## Aim of the exercise
Return all of the data that follows precisely, leaving every image out.

** Opening Extracted entries block **

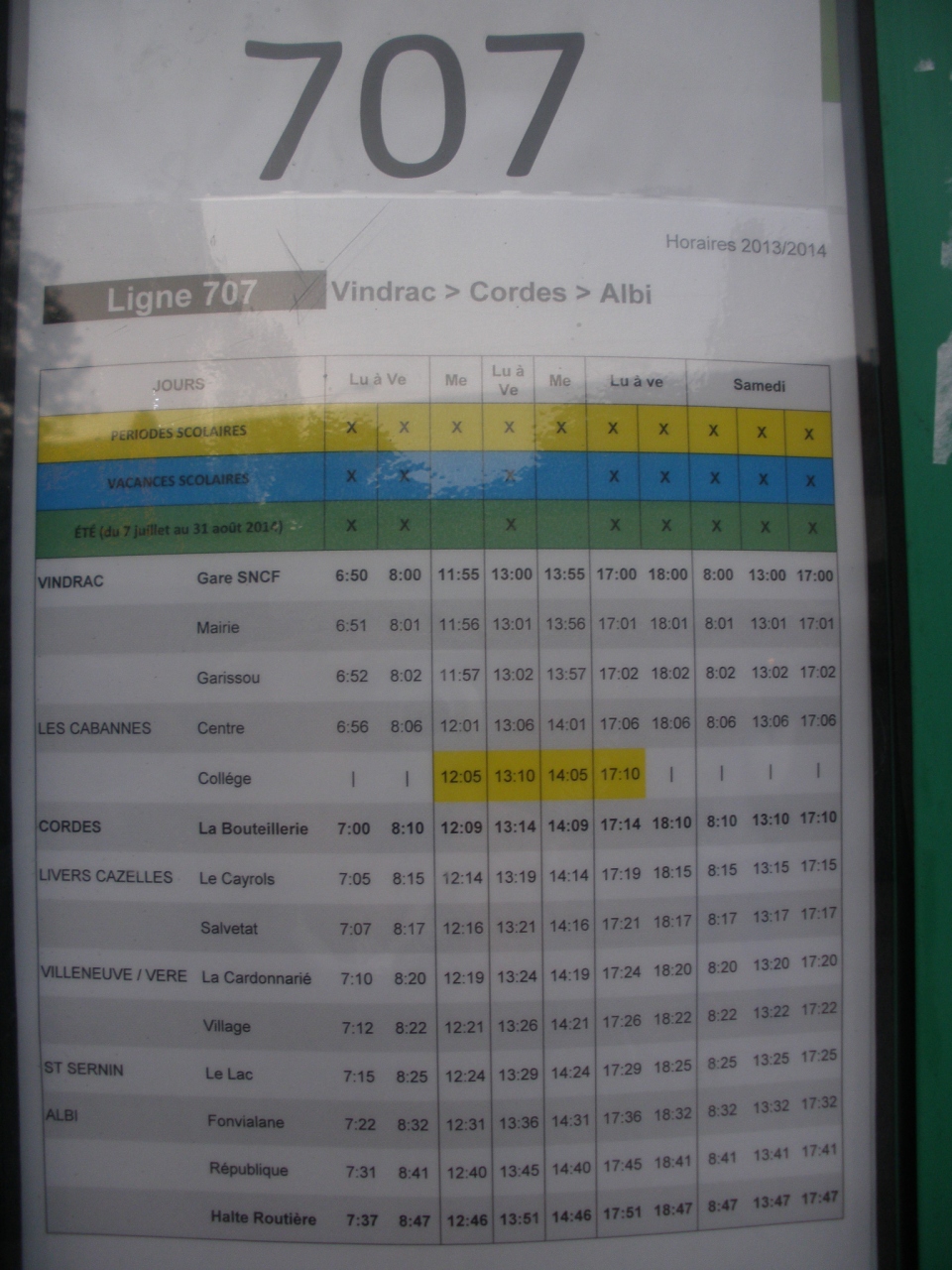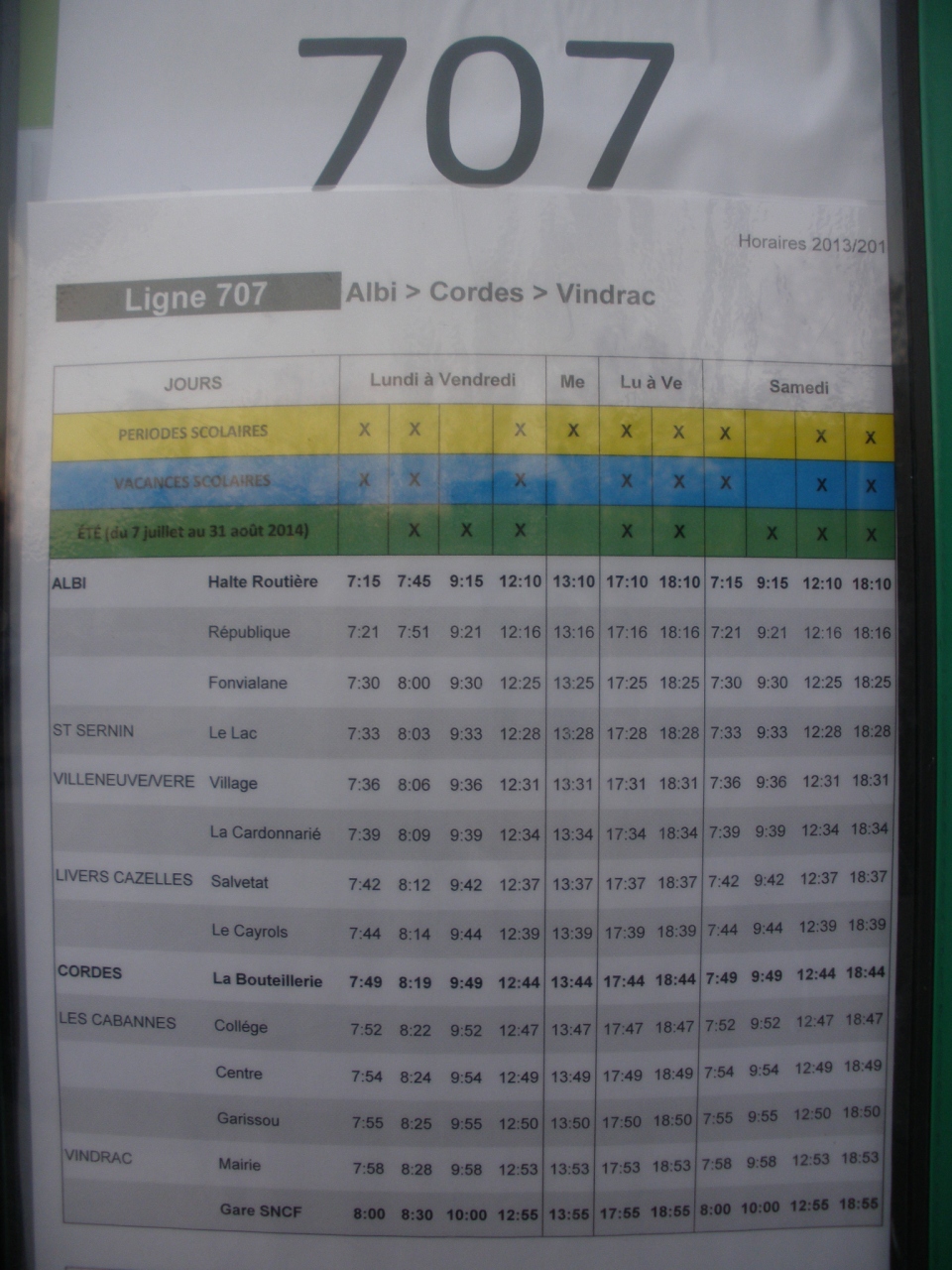 アルビからコルド・シュル・シエルへ行く場合のバスは707番のバスです。
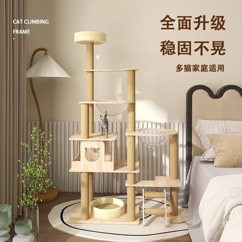 Lantai kucing memanjat bingkai pohon menara Tongtian kucing tiang menggaruk kucing melompat platform tempat tidur gantung hewan peliharaan pabrik grosir kucing besar apartemen
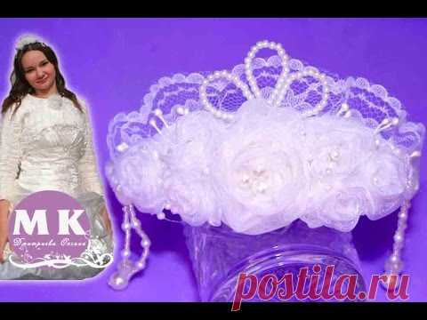 Мастер-класс Канзаши.Цветы из органзы.Свадебная диадема/Wedding tiara of flowers kanzashi
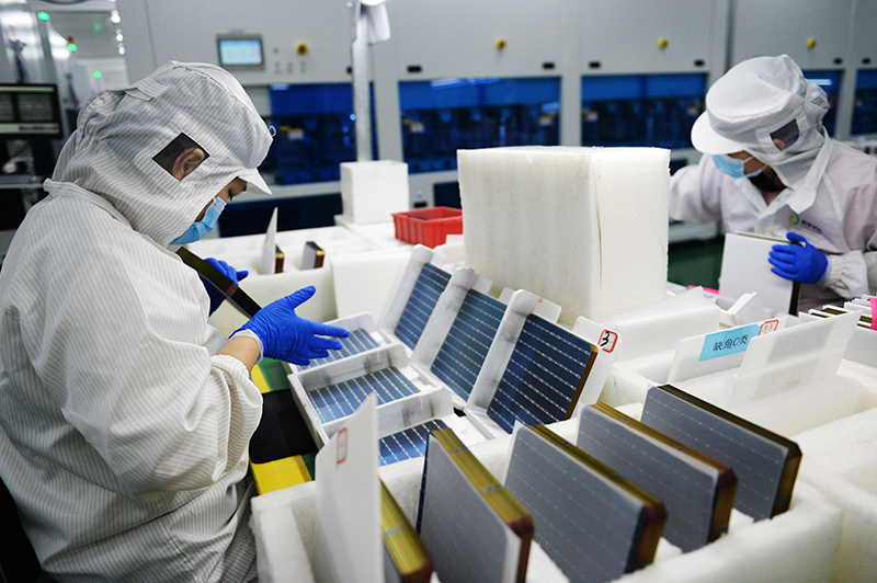 2023年6月17日,在陽光中科(福建)能源股份有限公司,工人在高效太陽能電池車間工作。該公司位于福建泉州南安市,是國家級綠色工廠企業(yè),無塵自動化生產(chǎn)線日產(chǎn)太陽能電池80萬片。新華社記者 劉勇貞 攝
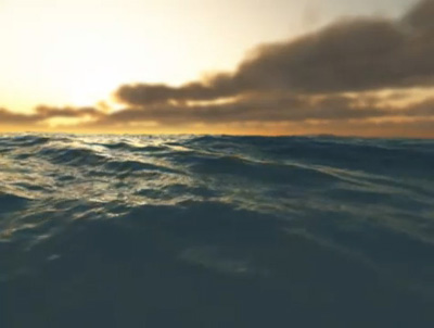 image itself is uncovered as illusory: a complete simulacrum. The viewer, seduced initially by the 'philosophical' experience of the sea belatedly realizes that it is an audio-visual fabric woven by the virtual shuttles of 3D animation. The sea is completely unreal, drawing none of its charms and dangers
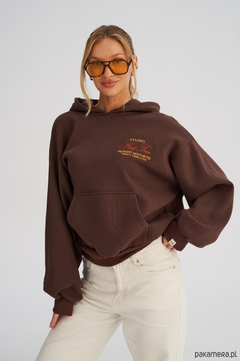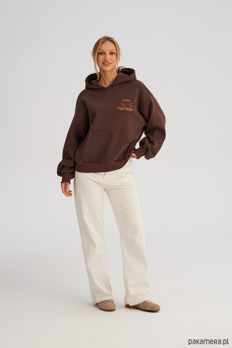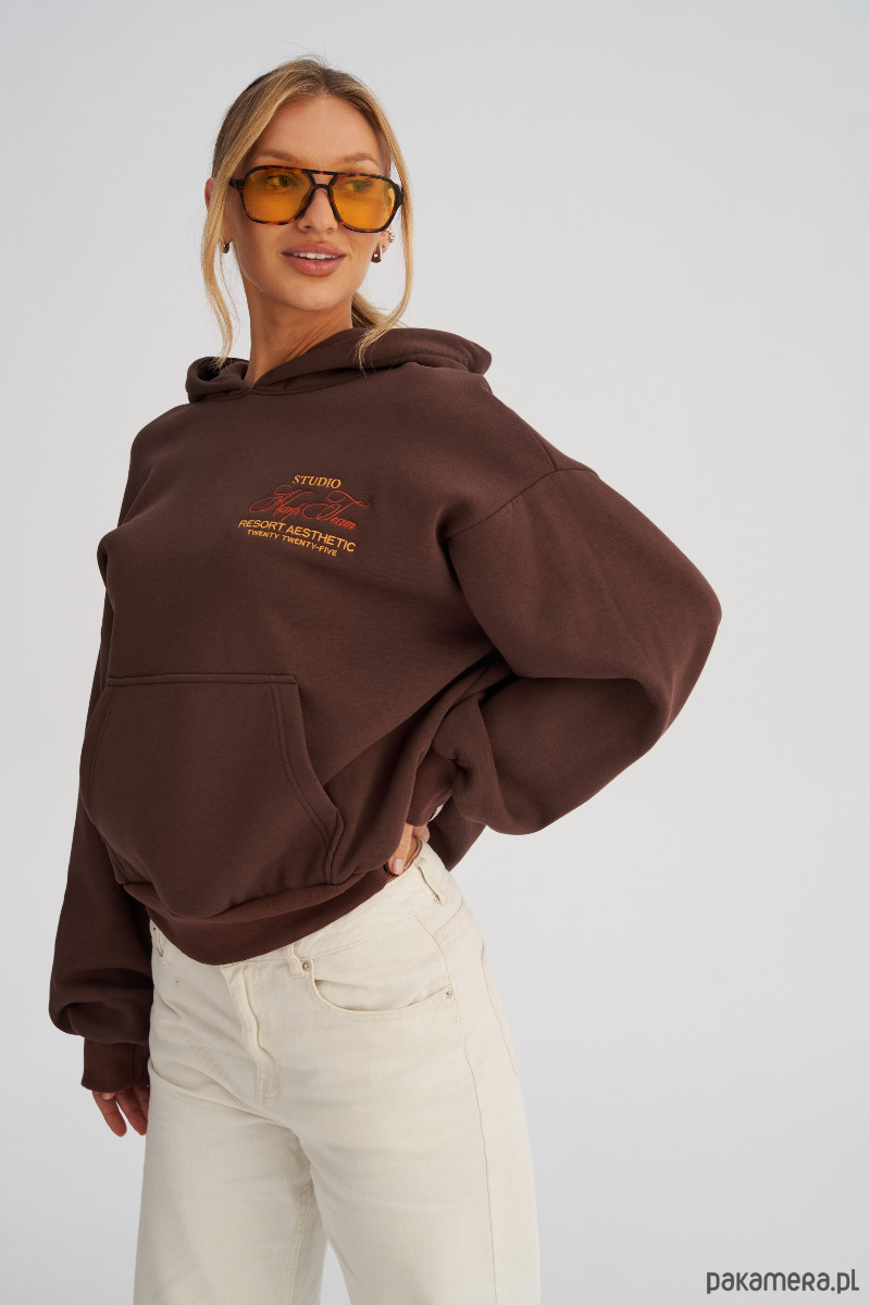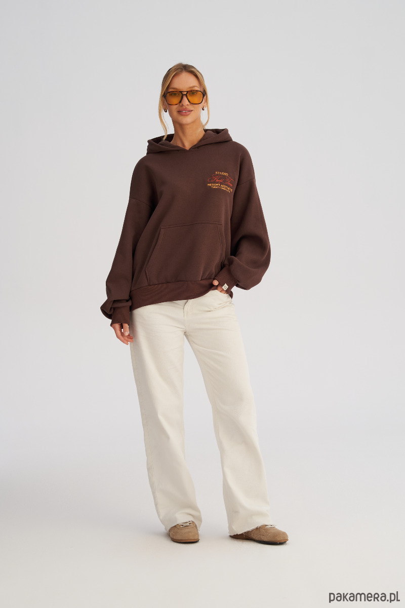 Krój jest nieco krótszy niż nasze standardowe bluzy i delikatnie zwęża się ku dołowi. Powoduje to, że ten model jest bardzo uniwersalny i dobrze układa się na różnych typach sylwetek. Ściągacz na dole tworzy subtelną bombkę, dzięki czemu możesz podwinąć bluzę i dopasować proporcje albo zostawić ją luźno, tak aby spod spodu wystawał t-shirt. Rękawy mają obniżoną linię, są bardzo obszerne i efektownie bufiaste przy mankietach. Z przodu znajduje się pojemna kieszeń kangurka i subtelny haft na piersi a na rękawie mała metka z logo.
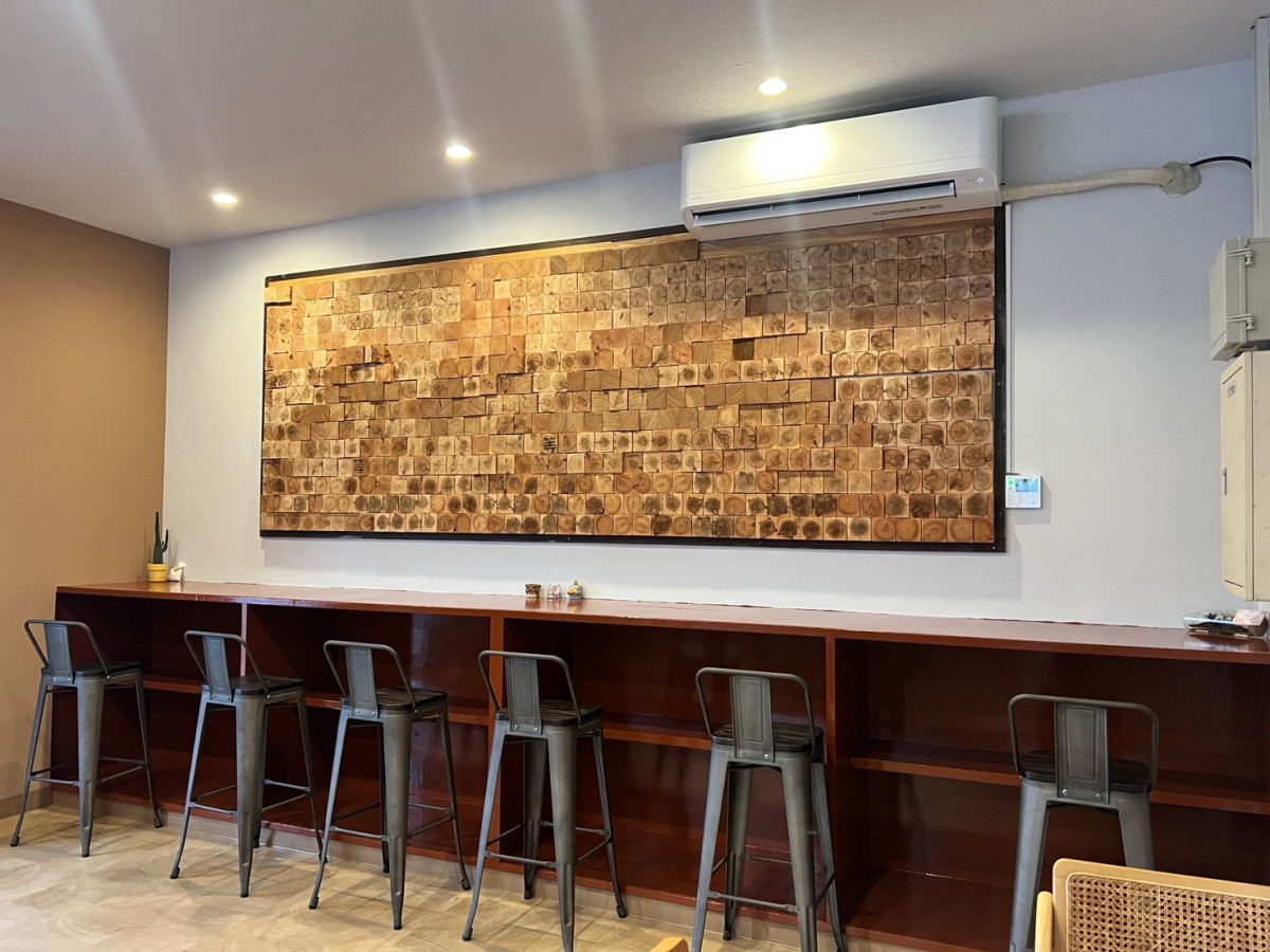 香春岳をイメージした木材の壁面アート=香春・旧中津原小学校跡にカフェ「珈琲香舎」
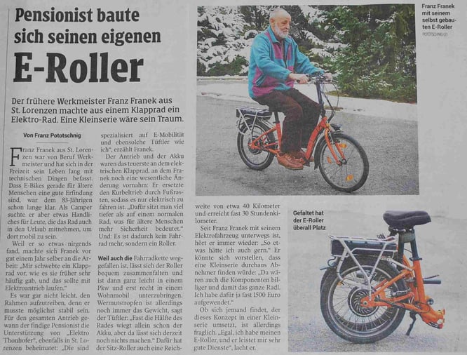 01/2018 Kleine Zeitung: Unser E-Antrieb Smart Pie 5 und ein 36V/10Ah Akku liefern den nötigen Vortrieb!
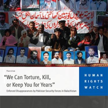The 132-page report, “‘We Can Torture, Kill, or Keep You for Years’: Enforced Disappearances by Pakistan Security Forces in Balochistan,” documents dozens of enforced disappearances,in which the authorities take people into custody and then deny all responsibility or knowledge of their fate or whereabouts. The report details 45 alleged cases of enforced disappearances, the majority in 2009 and 2010. While hundreds of people have been forcibly disappeared in Balochistan since 2005, dozens of new enforced disappearances have occurred since Pakistan returned to civilian rule in 2008.
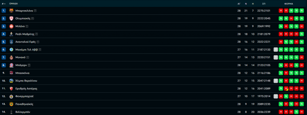 Ολοκληρώθηκε απόψε η κανονική περίοδος της φετινής Euroleague, με μοναδική εξαίρεση το ματς Μακάμπι Τελ Αβίβ – Φενέρμπαχτσε που θα γίνει στις 13 Απριλίου.
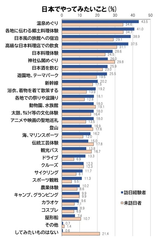 「各地に伝わる郷土料理体験」は訪日経験者では41.0%、未訪日者では温泉めぐりを上回る34.7%。「高級な日本料理店での飲食」や「日本料理体験」、「日本酒を飲む」など、日本の食に対するニーズも高いようです。
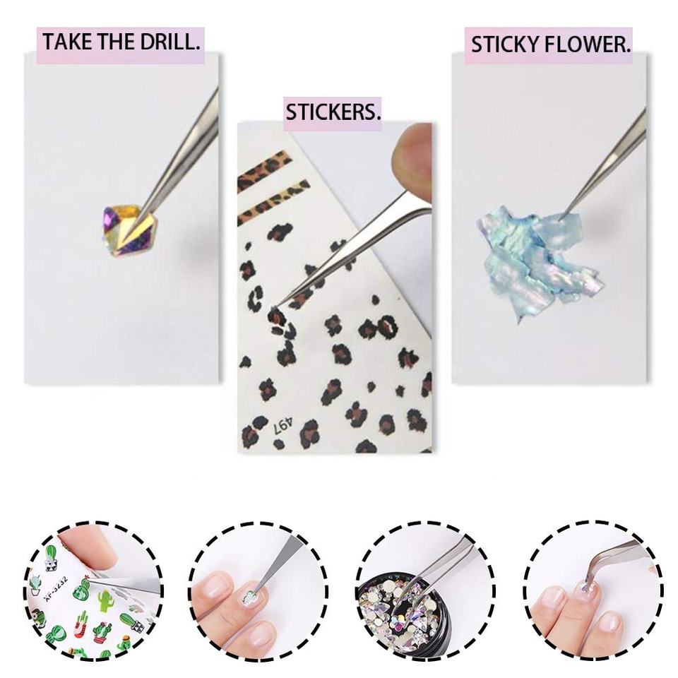 ชุดแหนบทำเล็บทำจากอะคริลิคสแตนเลสสำหรับการเลือกอุปกรณ์ทำเล็บอุปกรณ์ต่อขนตาใช้งานได้หลากหลาย
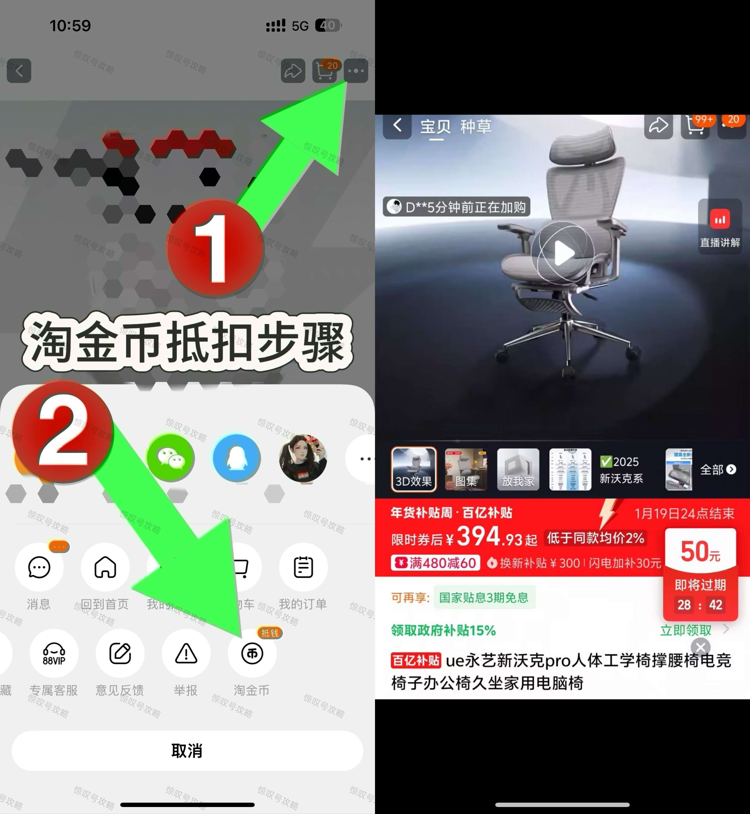 ①熵品页面右上角三个点 (…)淘金幤抵扣24,金幤抵扣加车一件,
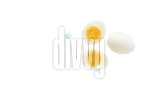 One whole hard-boiled egg and one cut in half sit on a white surface.
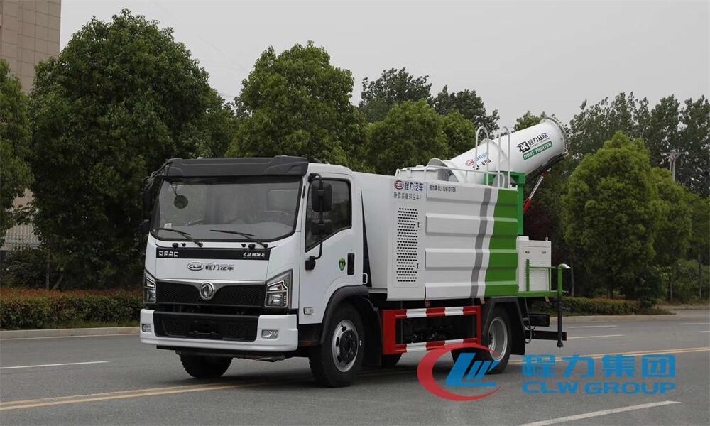 上裝配置:罐體容積為 12立方,選配風送式霧炮機組射程30米、40米、50米、60米、80米、100米、120米霧炮,罐體鋼板為4mm碳鋼Q235材質,罐內隔板具有防波作用,以減輕汽車行駛時罐體液體沖擊,罐體及整車外形尺寸按照公告。帶大功率專用灑水泵,泵可自吸自排,整車前沖、后灑、側噴、帶65消防接口,后平臺配CLW-50、CLW-60、CLW-80、CLW-100、CLW-120型風送式霧炮機組;罐體前封頭配大功率柴油發電機組;前封頭帶水位計,后平臺主管路帶1寸澆花接口,后爬梯。帶兩根輸水管及陰陽端。罐體顏色:銀/灰/綠,罐體兩側噴“多功能抑塵車”字樣,貼反光標示。

** Closing Extracted entries block **

## Output for this task
 アルビからコルド・シュル・シエルへ行く場合のバスは707番のバスです。
 Lantai kucing memanjat bingkai pohon menara Tongtian kucing tiang menggaruk kucing melompat platform tempat tidur gantung hewan peliharaan pabrik grosir kucing besar apartemen
 Мастер-класс Канзаши.Цветы из органзы.Свадебная диадема/Wedding tiara of flowers kanzashi
 2023年6月17日,在陽光中科(福建)能源股份有限公司,工人在高效太陽能電池車間工作。該公司位于福建泉州南安市,是國家級綠色工廠企業(yè),無塵自動化生產(chǎn)線日產(chǎn)太陽能電池80萬片。新華社記者 劉勇貞 攝
 image itself is uncovered as illusory: a complete simulacrum. The viewer, seduced initially by the 'philosophical' experience of the sea belatedly realizes that it is an audio-visual fabric woven by the virtual shuttles of 3D animation. The sea is completely unreal, drawing none of its charms and dangers
 Krój jest nieco krótszy niż nasze standardowe bluzy i delikatnie zwęża się ku dołowi. Powoduje to, że ten model jest bardzo uniwersalny i dobrze układa się na różnych typach sylwetek. Ściągacz na dole tworzy subtelną bombkę, dzięki czemu możesz podwinąć bluzę i dopasować proporcje albo zostawić ją luźno, tak aby spod spodu wystawał t-shirt. Rękawy mają obniżoną linię, są bardzo obszerne i efektownie bufiaste przy mankietach. Z przodu znajduje się pojemna kieszeń kangurka i subtelny haft na piersi a na rękawie mała metka z logo.
 香春岳をイメージした木材の壁面アート=香春・旧中津原小学校跡にカフェ「珈琲香舎」
 01/2018 Kleine Zeitung: Unser E-Antrieb Smart Pie 5 und ein 36V/10Ah Akku liefern den nötigen Vortrieb!
The 132-page report, “‘We Can Torture, Kill, or Keep You for Years’: Enforced Disappearances by Pakistan Security Forces in Balochistan,” documents dozens of enforced disappearances,in which the authorities take people into custody and then deny all responsibility or knowledge of their fate or whereabouts. The report details 45 alleged cases of enforced disappearances, the majority in 2009 and 2010. While hundreds of people have been forcibly disappeared in Balochistan since 2005, dozens of new enforced disappearances have occurred since Pakistan returned to civilian rule in 2008.
 Ολοκληρώθηκε απόψε η κανονική περίοδος της φετινής Euroleague, με μοναδική εξαίρεση το ματς Μακάμπι Τελ Αβίβ – Φενέρμπαχτσε που θα γίνει στις 13 Απριλίου.
 「各地に伝わる郷土料理体験」は訪日経験者では41.0%、未訪日者では温泉めぐりを上回る34.7%。「高級な日本料理店での飲食」や「日本料理体験」、「日本酒を飲む」など、日本の食に対するニーズも高いようです。
 ชุดแหนบทำเล็บทำจากอะคริลิคสแตนเลสสำหรับการเลือกอุปกรณ์ทำเล็บอุปกรณ์ต่อขนตาใช้งานได้หลากหลาย
 ①熵品页面右上角三个点 (…)淘金幤抵扣24,金幤抵扣加车一件,
 One whole hard-boiled egg and one cut in half sit on a white surface.
 上裝配置:罐體容積為 12立方,選配風送式霧炮機組射程30米、40米、50米、60米、80米、100米、120米霧炮,罐體鋼板為4mm碳鋼Q235材質,罐內隔板具有防波作用,以減輕汽車行駛時罐體液體沖擊,罐體及整車外形尺寸按照公告。帶大功率專用灑水泵,泵可自吸自排,整車前沖、后灑、側噴、帶65消防接口,后平臺配CLW-50、CLW-60、CLW-80、CLW-100、CLW-120型風送式霧炮機組;罐體前封頭配大功率柴油發電機組;前封頭帶水位計,后平臺主管路帶1寸澆花接口,后爬梯。帶兩根輸水管及陰陽端。罐體顏色:銀/灰/綠,罐體兩側噴“多功能抑塵車”字樣,貼反光標示。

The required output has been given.